Porrhoclubiona is a genus of sac spiders that was first described as a subgenus of Clubiona by H. Lohmander in 1944. Clubiona is a polyphyletic group that has been divided and reorganized many times, and whether this genus is a synonym of Clubiona or an independent genus is still under debate.

==Species==
As of October 2019 it contains thirteen species, found in Africa, Europe, and Asia:
- Porrhoclubiona bosmansi Marusik & Omelko, 2018 – Tajikistan
- Porrhoclubiona decora (Blackwall, 1859) – Madeira, Azores
- Porrhoclubiona diniensis (Simon, 1878) – Algeria, Morocco, Tunisia, Portugal, Spain, France, Italy
- Porrhoclubiona genevensis (L. Koch, 1866) (type) – Europe, Turkey, Caucasus, Russia (Europe to South Siberia), Iran, Central Asia
- Porrhoclubiona laudata (O. Pickard-Cambridge, 1885) – China
- Porrhoclubiona leucaspis (Simon, 1932) – Europe, Algeria, Morocco, Tunisia
- Porrhoclubiona minor (Wunderlich, 1987) – Canary Is.
- Porrhoclubiona moradmandi Marusik & Omelko, 2018 – Iran
- Porrhoclubiona pseudominor (Wunderlich, 1987) – Canary Is.
- Porrhoclubiona pteronetoides (Deeleman-Reinhold, 2001) – Thailand
- Porrhoclubiona vegeta (Simon, 1918) – Canary Is., North Africa, Southern Europe, Caucasus, Iran
- Porrhoclubiona viridula (Ono, 1989) – China, Taiwan, Thailand, Japan (Ryukyu Is.), Indonesia (Lesser Sunda Is.)
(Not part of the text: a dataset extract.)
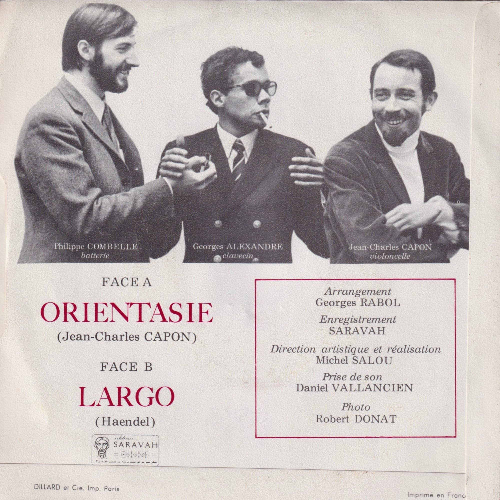 Alongside Alfred Panou & the Art Ensemble of Chicago’s “Je suis un sauvage”, the Baroque Jazz Trio’s EP “Orientasie / Largo” is probably one of the rarest and most sought-after releases on the Saravah label. Baroque Jazz Trio was formed by 3 experienced musicians : George Rabol on harpsichords, Jean-Charles Capon on cello & Philippe Combelle on drums & percussions,

- Porrhoclubiona wunderlichi (Mikhailov, 1992) – Mongolia

In synonymy:
- P. baborensis (Denis, 1937) = Porrhoclubiona diniensis (Simon, 1878)
- P. parallelos (Yin, Yan, Gong & Kim, 1996) = Porrhoclubiona viridula (Ono, 1989)
- P. tenerifensis (Wunderlich, 1992, sub Microclubiona) = Porrhoclubiona vegeta (Simon, 1918)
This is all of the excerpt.